Tapping the pipeline
I think the best way to demonstrate the pipe and a pipeline is to do a simple example. But before we do that, I need to introduce two helpful features of PowerShell:
- format-list, which takes the output of almost any cmdlet and formats it in a list that explodes all relevant details
- format-table, which formats output in a nice text-based table
Format-list and format-table are absolutely dependent on the pipeline. You can’t just issue a format-list command — there has to be data to format in the first place. You get that data to the format-list cmdlet through the pipeline.
Remember our get-process cmdlet from my first article on PowerShell basics? Let’s practice pipelining by asking it to give us more information on the Google Chrome browser process formatted as a list:
get-process chrome | format-list
Here’s what we get back:
There are all of the Chrome processes on my machine right now, formatted as a list, with their properties exposed and expanded. We took the output of get-process chrome and piped it using the | character into the format-list cmdlet.
Filtering and limiting
One of the most common uses of pipelining is to take the output of one cmdlet and then filter it down into a certain subset of results; once you have filtered out the “noise” and you have your desired results, you then pipe that subresult set into another cmdlet to do some further magic.
This is where the where-object cmdlet comes in. Where-object is one of the filtering mechanisms in PowerShell, and you use it by putting together “where clauses.” Now, the formatting of where-object gets a little funky, so stay with me while I show it to you.
First off, you need to know some notations:
- { and } are curly brackets (in the same area as your backslash key, at least on U.S. keyboards) and they denote logic — when you are making comparisons or setting up criteria for filtering, you enclose the criteria in curly brackets. It’s kind of like the = sign in Excel that begins a formula, as in =sum, =average, and so on.
- $_ is shorthand for the current object.

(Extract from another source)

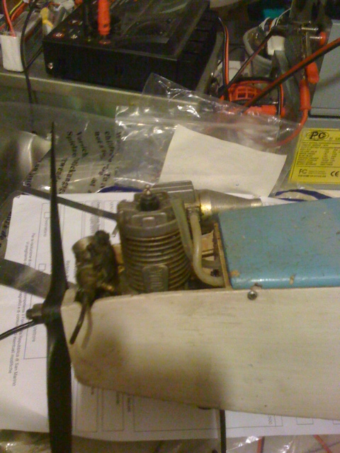 Kosmic, che sia questo il 3,5 cc? il carburatore è un super tigre, se non ricordo male in origine era un perry. il modello ha gli stessi anni piu o meno del motore, 30 o piu', ogni tanto lo ritiro su...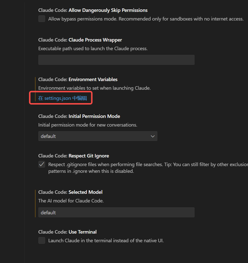 "claudeCode.environmentVariables": [{"name": "HTTPS_PROXY", "value":"http://127.0.0.1:7890"},{"name": "HTTP_PROXY", "value":"http://127.0.0.1:7890"},]

Think of this in your head as “whatever it is you’re working on.” For example, the stuff (actually, the .NET object — remember, all PowerShell output is a .NET object) you get from the get-process cmdlet can be referred to in the pipeline next as $_.

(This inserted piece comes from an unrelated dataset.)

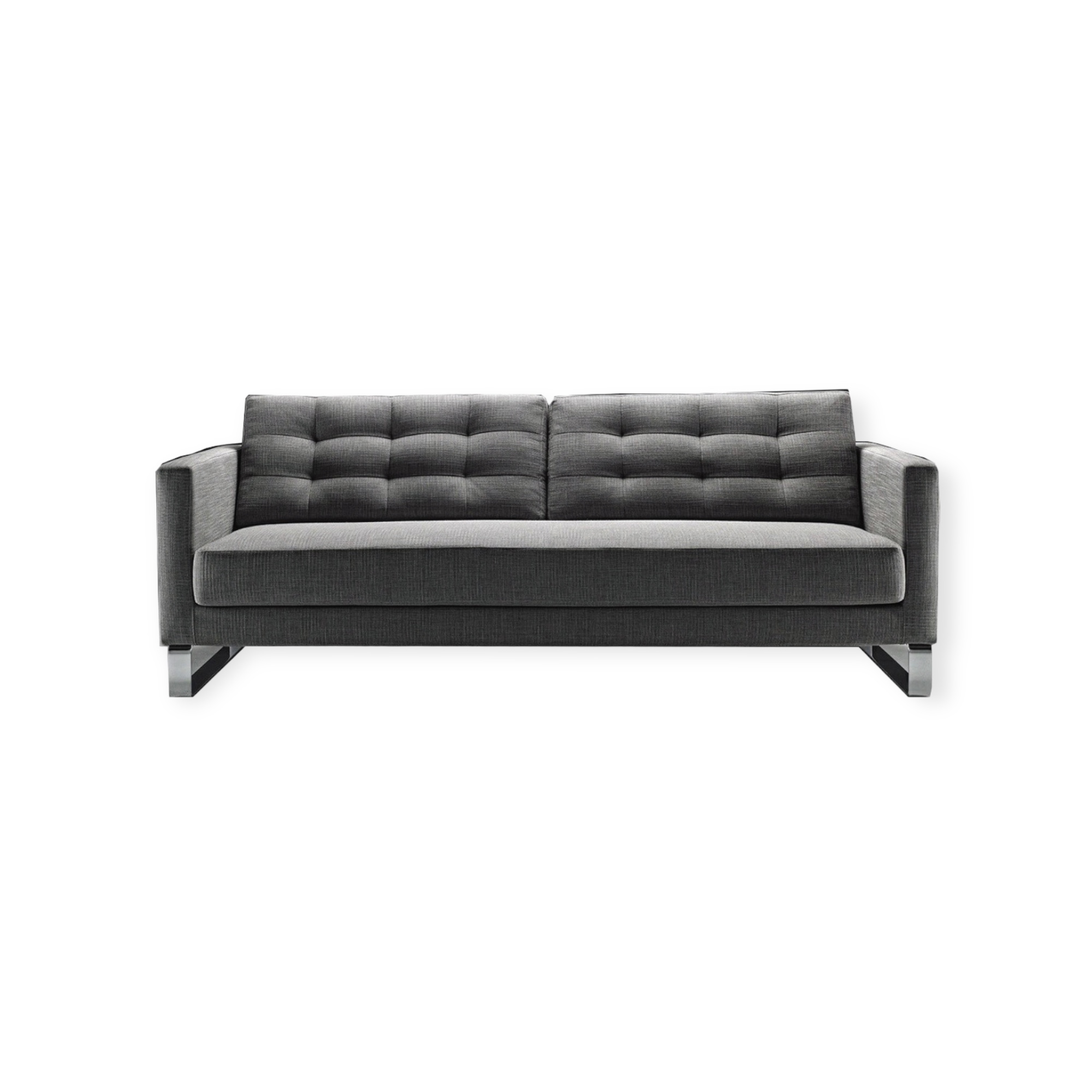 Moderni Cledos-sohva on verhoiltu harmaalla polyesteri kankaalla.

- -lt is less than (i.e., 3 < 4, 3 is less than 4)
- -le is less than or equal to
- -gt is greater than
- -ge is greater than or equal to
- -ne is not equal to
- -like is how you use text phrases for matching words and patterns
That might feel a little down in the weeds, but the good news is that this syntax, this way of formatting is found all over PowerShell. Learn it once and you’ll be good to go and can use it everywhere.
To use the where-object cmdlet, you simply type in where-object and then a left curly brace, and then you start adding properties to compare to. You finish it off with a right curly brace so PowerShell knows that is the end of your query.
You may recall that objects have properties. In my first article, we looked at get-command in general and then we wanted to find the number of cmdlets in total that were available to us on the system, so we queried a property of the get-command result object by using
(get-command).count
The logic in the where-object where clauses works the same way, except instead of putting (get-command) in parenthesis, we can simply use the notation
$_
I like to call it “that thing” when I’m thinking out loud. In other words, I want to compare that thing’s property to something else. You can use the same property syntax we talked about in my PowerShell introduction article — add a period and then the name of the property — within the where clause.
So to put together a where clause, I simply say “where-object” and then add a left curly brace, the “that thing notation,” a period, and then the name of the property. Then I add one of the comparisons I listed above, then whatever the value or number is that I’m comparing to, and then finish off with the right curly brace.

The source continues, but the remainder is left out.